Mother Teresa: A Beacon of Compassion and Humanity

Mother Teresa (26 August 1910 — 5 September 1997) was an Albanian-Indian Roman Catholic nun and missionary, and the founder of the Order of the Missionaries of Charity, a Roman Catholic congregation of women dedicated to the poor, particularly to the destitute of India.

In 1950, Teresa founded the Missionaries of Charity, a Roman Catholic religious congregation that had over 4,500 nuns and was active in 133 countries in 2012. The congregation manages homes for people who are dying of HIV/AIDS, leprosy and tuberculosis. It also runs soup kitchens, dispensaries, mobile clinics, children’s and family counselling programmes, as well as orphanages and schools. Members take vows of chastity, poverty, and obedience, and profess a fourth vow – to give “wholehearted free service to the poorest of the poor.”

Life and Career

Mother Teresa was born on 26 August 1910 into a Kosovar Albanian family in Skopje, Ottoman Empire.

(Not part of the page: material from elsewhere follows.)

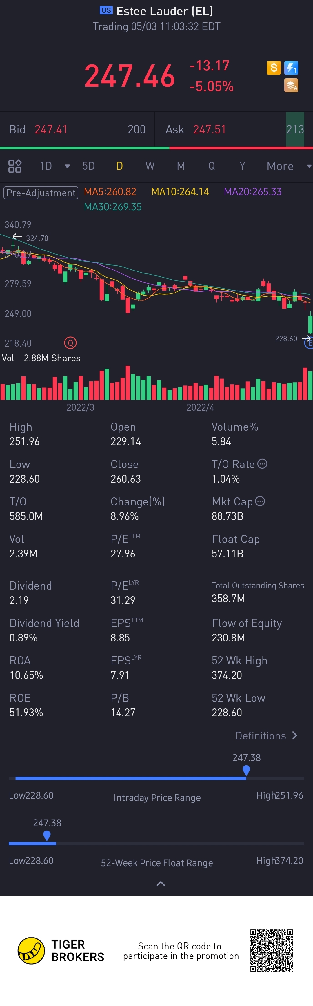 $Estee Lauder(EL)$a good short candidate. They are falling off multi year highs expect slow markets for 2022 and should see a correction of 10-15 pc more.

Teresa left home in 1928 at age 18 to join the sisters of Loreto at Loreto Abbey in Rathfarnham, Ireland, to learn English with the intent of becoming a missionary; English was the language of instruction of the sisters of Loreto in India. She saw neither her mother nor her sister again. Her family lived in Skopje until 1934, when they moved to Tirana.

She arrived in India in 1929 and began her novitiate in Darjeeling, in the lower Himalayas, where she learned Bengali and taught at St. Teresa’s School near her convent. Teresa took her first religious vows on 24 May 1931. She chose to be named after Thérèse de Lisieux, the patron saint of missionaries; because a nun in the convent had already chosen that name, she opted for its Spanish spelling (Teresa).

During this visit to Darjeeling by train, she heard the call of her inner conscience. She felt that she should serve the poor by staying with them. She asked for and received permission to leave the school. In 1950 she founded ‘Missionaries of Charity’. She went out to serve humanity with two saris with a blue border.

She was died on 5 September 1997 (aged 87) Calcutta, West Bengal, India.

Award and Legacy

In 1962 the Indian government awarded Mother Teresa the Padma Shri, one of its highest civilian honours, for her services to the people of India. In 1979 she received the Nobel Peace Prize for her humanitarian work, and the following year the Indian government conferred on her the Bharat Ratna, the country’s highest civilian honour.